== WHAT TO WORK ON ==
Leave out the pictures and restate the rest of the data exactly.

== AVAILABLE DATA ==

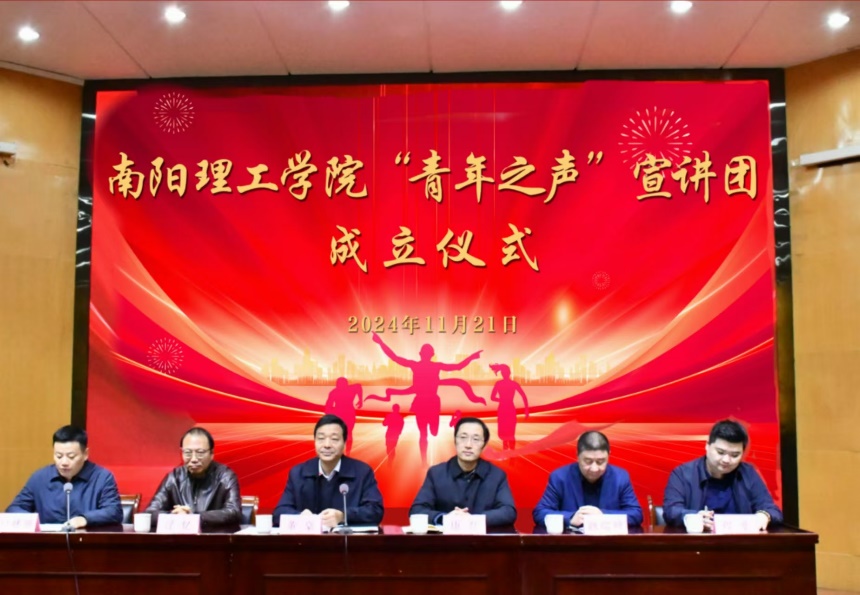 本网讯(学生记者/陈阳)为深入学习贯彻习近平新时代中国特色社会主义思想,提升思想政治教育工作实效,11月21日上午,南阳理工学院“青年之声”宣讲团成立仪式暨首次示范宣讲在第二报告厅圆满落幕。校党委副书记、工会主席董豪,党委组织部部长康磊,宣传部部长逯忆,统战部部长路瑞峰出席本次仪式。各教学院团委书记、团员青年代表参加仪式,活动由校团委主要负责人主持。
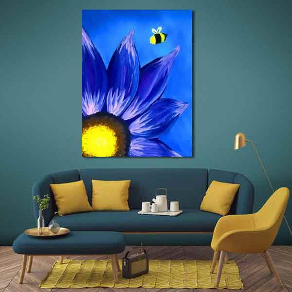 تابلو بوم طرح گل آبی کد ART-2803
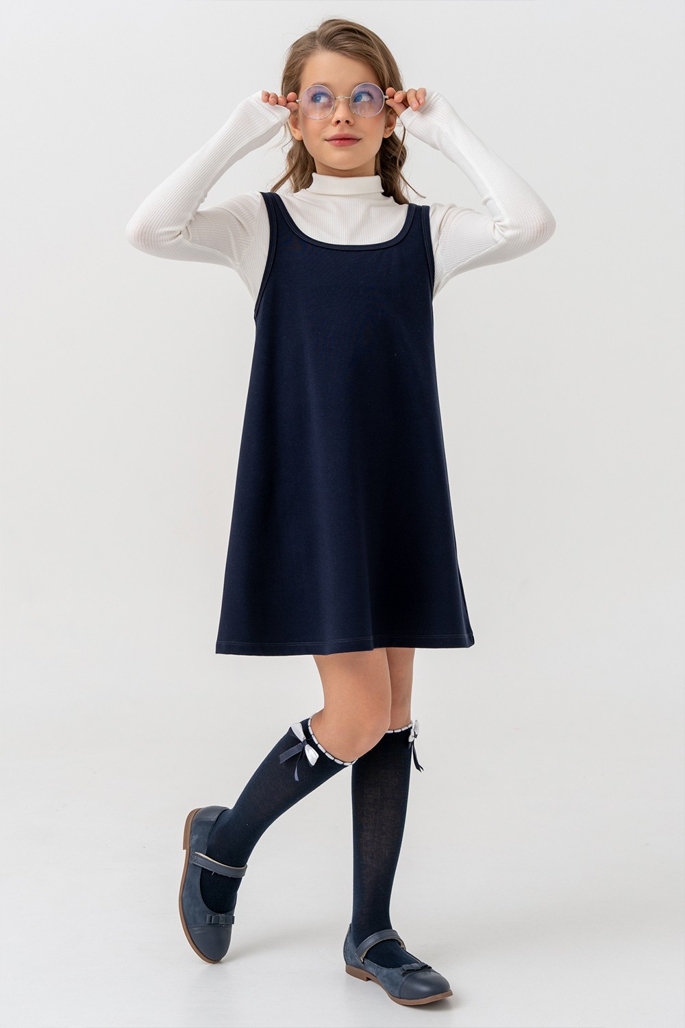 Стильный сарафан прямого кроя с лаконичным передом и акцентной деталью на спинке. Декоративный элемент делает образ оригинальным, сохраняя при этом строгость школьного стиля. Удобная посадка и мягкий материал обеспечивают комфорт на весь день. Идеально сочетается с водолазками и блузками.

== RESULT BELOW ==
 本网讯(学生记者/陈阳)为深入学习贯彻习近平新时代中国特色社会主义思想,提升思想政治教育工作实效,11月21日上午,南阳理工学院“青年之声”宣讲团成立仪式暨首次示范宣讲在第二报告厅圆满落幕。校党委副书记、工会主席董豪,党委组织部部长康磊,宣传部部长逯忆,统战部部长路瑞峰出席本次仪式。各教学院团委书记、团员青年代表参加仪式,活动由校团委主要负责人主持。
 تابلو بوم طرح گل آبی کد ART-2803
 Стильный сарафан прямого кроя с лаконичным передом и акцентной деталью на спинке. Декоративный элемент делает образ оригинальным, сохраняя при этом строгость школьного стиля. Удобная посадка и мягкий материал обеспечивают комфорт на весь день. Идеально сочетается с водолазками и блузками.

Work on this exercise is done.